INSTRUCTIONS FOR THE TASK: Could you restate the data word for word and drop the pictures?

Stored data entries
========================================
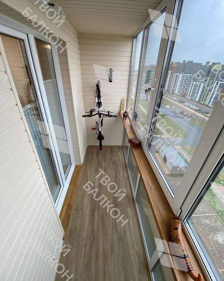 В данном объекте было выполнено панорамное остекление балкона системой ПВХ Rehau, что дало увеличение потока естественного солнечного света и полезная площадь балкона используется полностью. Сделано утепление, балкон обшит вагонкой липа, на пол постелен ламинат. Монтаж креплений для велосипеда - вариант оптимален для хранения нескольких транспортных средств. В результате отделочных работ получили полноценную площадь свободного назначения.
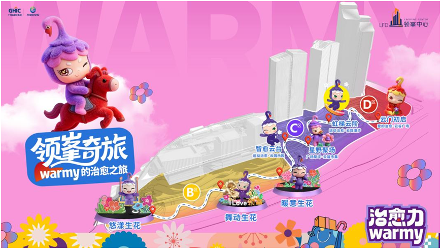 领峯新天地以“想象生花”为核心主题,打造“暖意生花”“舞动生花”“悠漾生花”三大沉浸式治愈力场景。同时,该项目创新性引入治愈系潮玩IP“Warmy”,打造“可漫步、可沉浸、可共生”的治愈艺术生态街区。
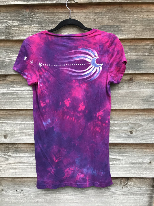 Super Different Center Star in Bright Purple Hand Painted Vneck Tee - Size Large
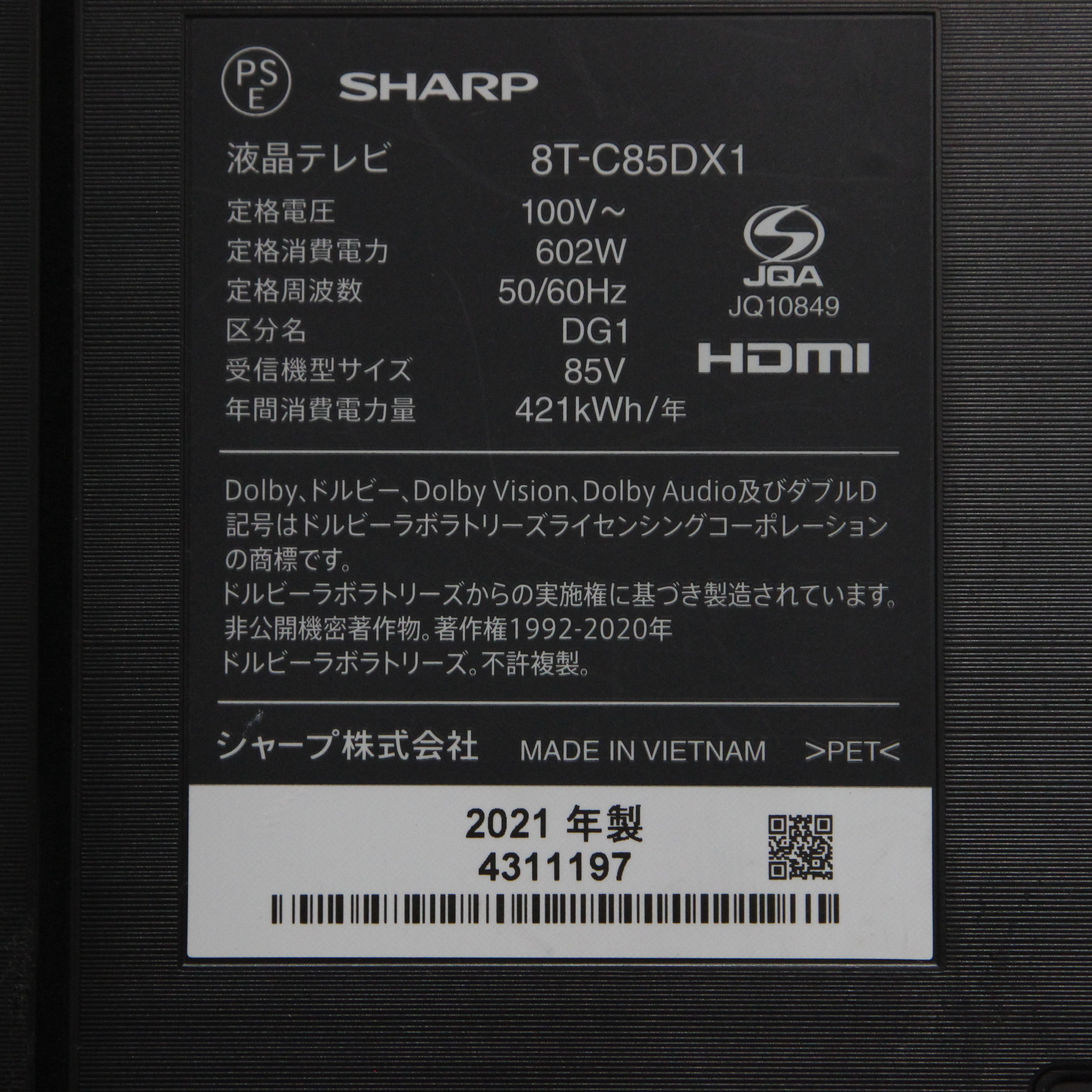 〔展示品〕 液晶テレビ AQUOS 8T-C85DX1 [85V型 /Bluetooth対応 /8K対応 /BS 8Kチューナー内蔵 /YouTube対応]
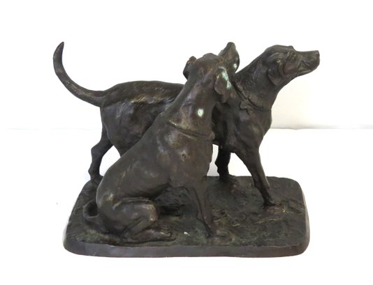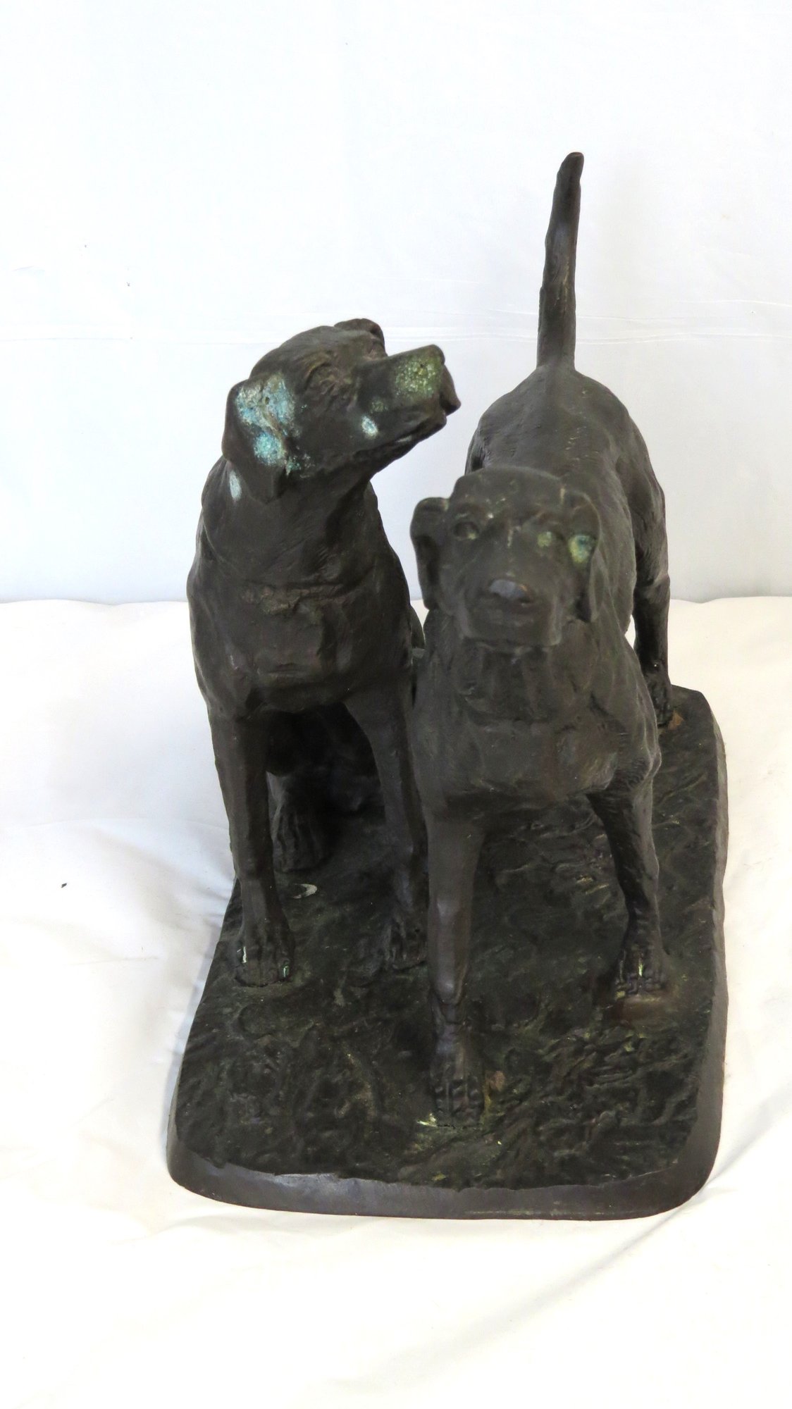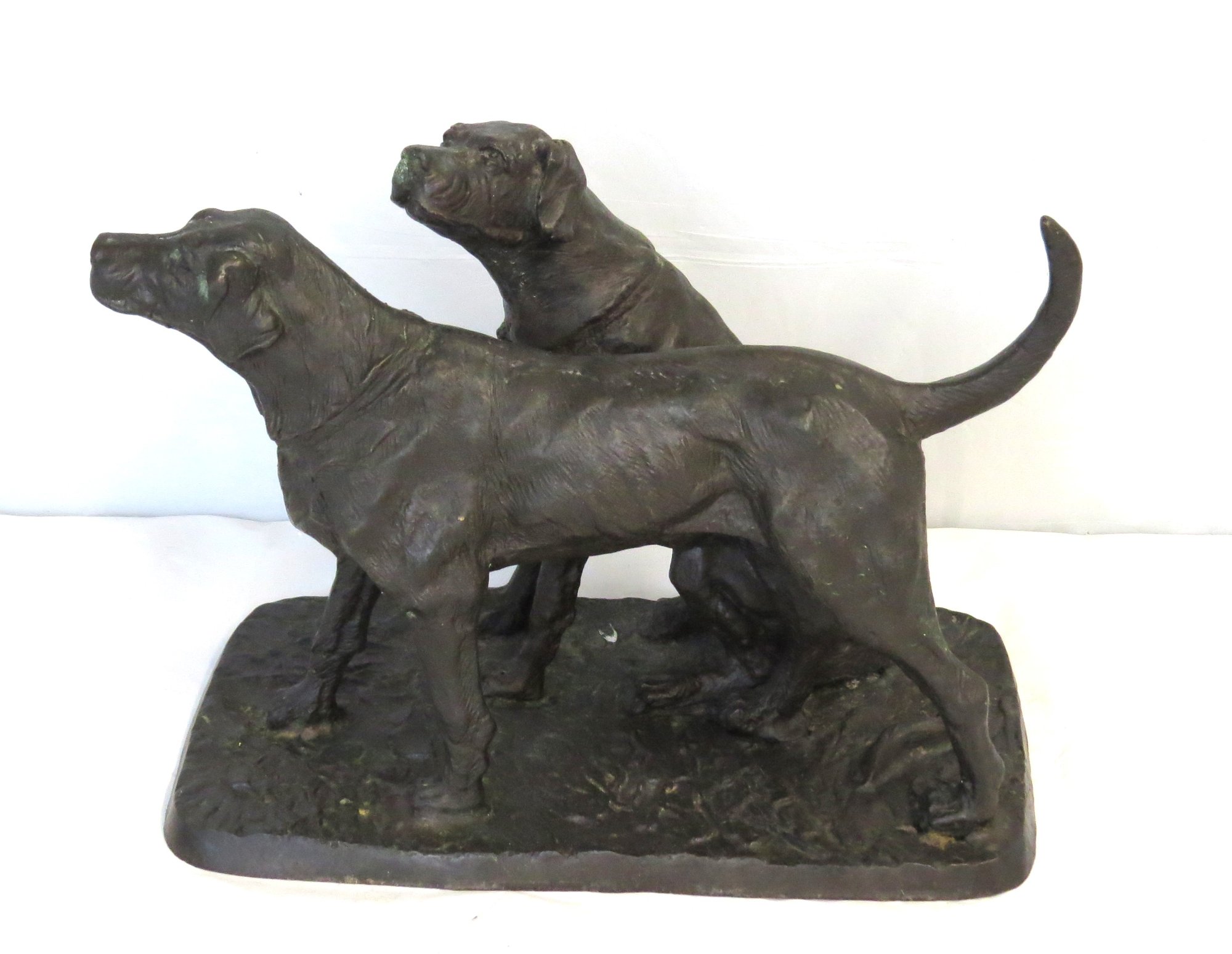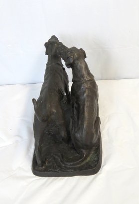 Unsigned bronze of two dogs, 10” x 5” w. x 7” h.
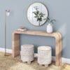This minimal entryway console table is designed for residential entryways where simple furniture placement is preferred. The table provides a stable surface for small household items such as keys or mail while maintaining a clean and unobtrusive appearance. The structure supports everyday indoor residential use and integrates easily with modern or minimal interior furniture layouts.
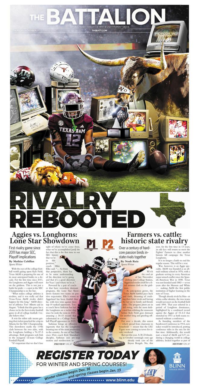 Incollaborationwith TexasStudentMedia,this double-sidedissue explorestherichhistory betweenTU&TexasA&M
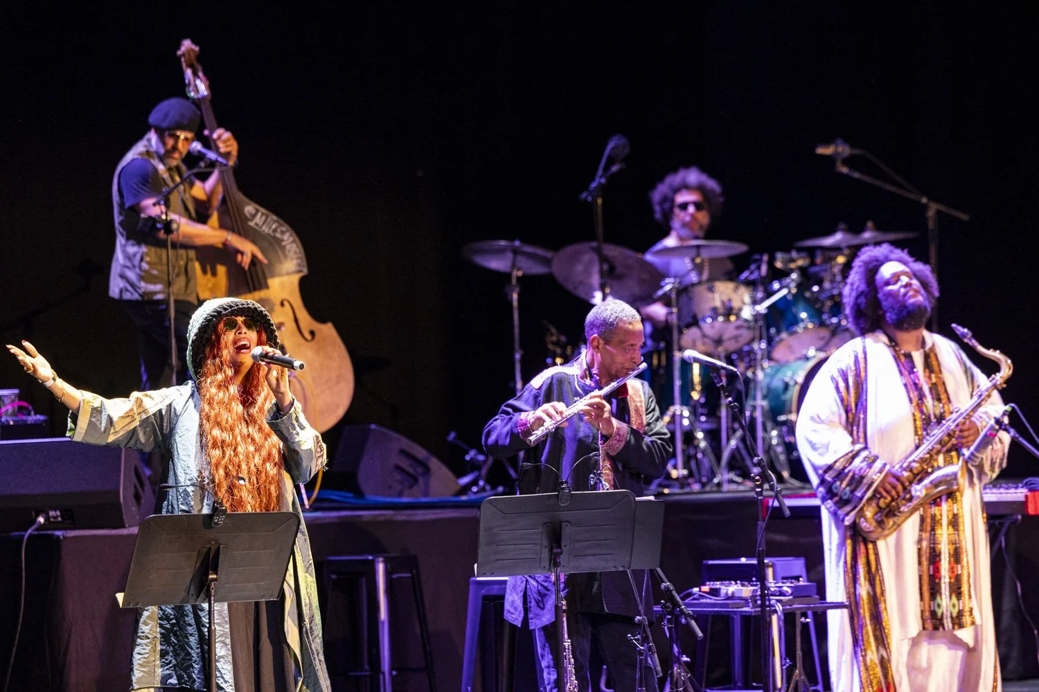 This spiritual and family bond runs deep in Washington’s life and work. His father, Rickey Washington, a well-known professional woodwind player, was not only his musical mentor but also a key member of the West Coast Get Down jazz collective (Washington’s main group of L.A. collaborators). Rickey, playing directly to the right of his son, set a strong example for the family tradition, embodying the deep roots of Black musical excellence that Kamasi continues to nurture. Throughout the evening, Kamasi acknowledged his father after numerous solos, a dynamic soon broadened by the presence of other family members.
========================================
REPLY:
 В данном объекте было выполнено панорамное остекление балкона системой ПВХ Rehau, что дало увеличение потока естественного солнечного света и полезная площадь балкона используется полностью. Сделано утепление, балкон обшит вагонкой липа, на пол постелен ламинат. Монтаж креплений для велосипеда - вариант оптимален для хранения нескольких транспортных средств. В результате отделочных работ получили полноценную площадь свободного назначения.
 领峯新天地以“想象生花”为核心主题,打造“暖意生花”“舞动生花”“悠漾生花”三大沉浸式治愈力场景。同时,该项目创新性引入治愈系潮玩IP“Warmy”,打造“可漫步、可沉浸、可共生”的治愈艺术生态街区。
 Super Different Center Star in Bright Purple Hand Painted Vneck Tee - Size Large
 〔展示品〕 液晶テレビ AQUOS 8T-C85DX1 [85V型 /Bluetooth対応 /8K対応 /BS 8Kチューナー内蔵 /YouTube対応]
 Unsigned bronze of two dogs, 10” x 5” w. x 7” h.
This minimal entryway console table is designed for residential entryways where simple furniture placement is preferred. The table provides a stable surface for small household items such as keys or mail while maintaining a clean and unobtrusive appearance. The structure supports everyday indoor residential use and integrates easily with modern or minimal interior furniture layouts.
 Incollaborationwith TexasStudentMedia,this double-sidedissue explorestherichhistory betweenTU&TexasA&M
 This spiritual and family bond runs deep in Washington’s life and work. His father, Rickey Washington, a well-known professional woodwind player, was not only his musical mentor but also a key member of the West Coast Get Down jazz collective (Washington’s main group of L.A. collaborators). Rickey, playing directly to the right of his son, set a strong example for the family tradition, embodying the deep roots of Black musical excellence that Kamasi continues to nurture. Throughout the evening, Kamasi acknowledged his father after numerous solos, a dynamic soon broadened by the presence of other family members.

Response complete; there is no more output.